I particularly enjoyed the wide-eyed amusement and fascination by the predominantly Chinese audience who had gathered to watch the DTM. I mean, who wouldn’t with gleaming metal being wheeled out one after another? The audience ranged from luxury car clients or lao bans, who were gifted complimentary tickets, many of whom tagged along bevies of young girlfriends wrapped in knee-high leather boots, fur coats toting designer bags. To hardcore racing enthusiasts and pimply school boys and girls, the latter in giggle fits after having a driver autograph their notebooks.

The largest group had to be an audience who had not paid for tickets but enjoyed the race from behind metal fences, standing on every major corner of the race course. I refer, of course, to the workforce supporting the DTM organizers: namely the security staff and construction workers.

I’ve never seen so many rent-a-cops in one location before. There weren’t as many police as expected – the young and strapping kind with riding boots, aviator sunglasses and crisp blue uniforms. Even those present had a gleeful grin, some even armed with cameras themselves.

No, we were surrounded by middle-aged to past retirement men in dusty grey-blue security guard uniforms in various state of in/activity: sleeping on benches, smoking in groups and generally, gulping tea in street corners. For the most part, they seemed quite pleased to be there, herding tame crowds and enjoying the cool weather with plenty of metal candy at their disposal.

Then there are workers in charge of assembling the race who stood on lorries and pickups parked alongside the race. They had a much better view so much so that actual ticket holders clamoured on board as well. In the end, with less people attending a rather spectacular event, the mood was relaxed which made it easier to enjoy the thrills of the 60 laps of the final DTM race.

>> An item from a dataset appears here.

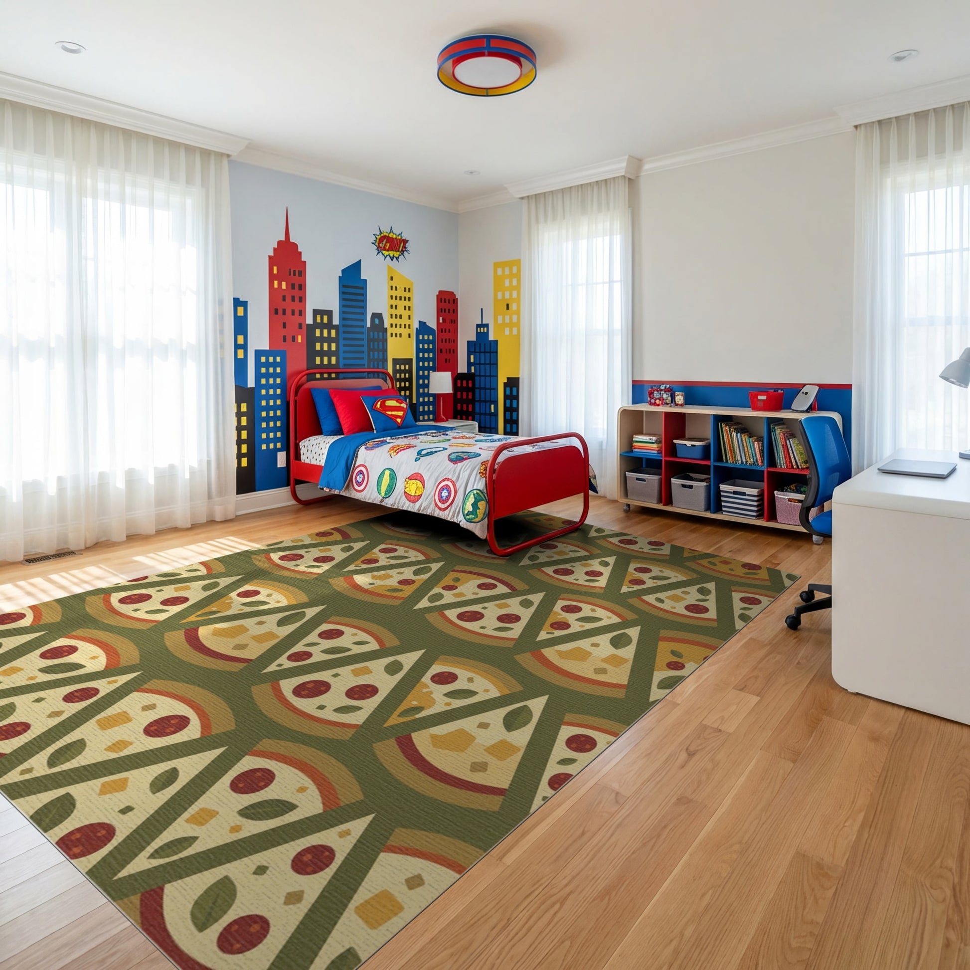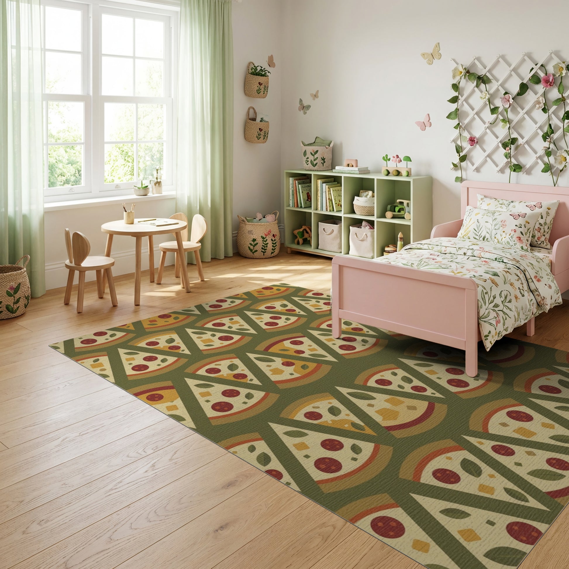 Flatwoven High Traffic Area Rug, Playful Pepperoni Pizza Slices Rug, Non Slip, Stain Resistant, Washable Area Rugs for Study Room, Playroom, Bedroom Overview:

Of course, the ones with the best view had to be the local staff posted to the paddocks. I met a young gentleman who was a businessman by trade, in charge of measuring the temperature of tires that had just come off the wheels of the race cars in the pit stop.  He had volunteered through a contact, and wanted to have more action beyond a ticke stub.

Armed wth his nifty thermometer gadget, and me and my camera, we both agreed, as far as bystanders are concerned, we had the best view of all.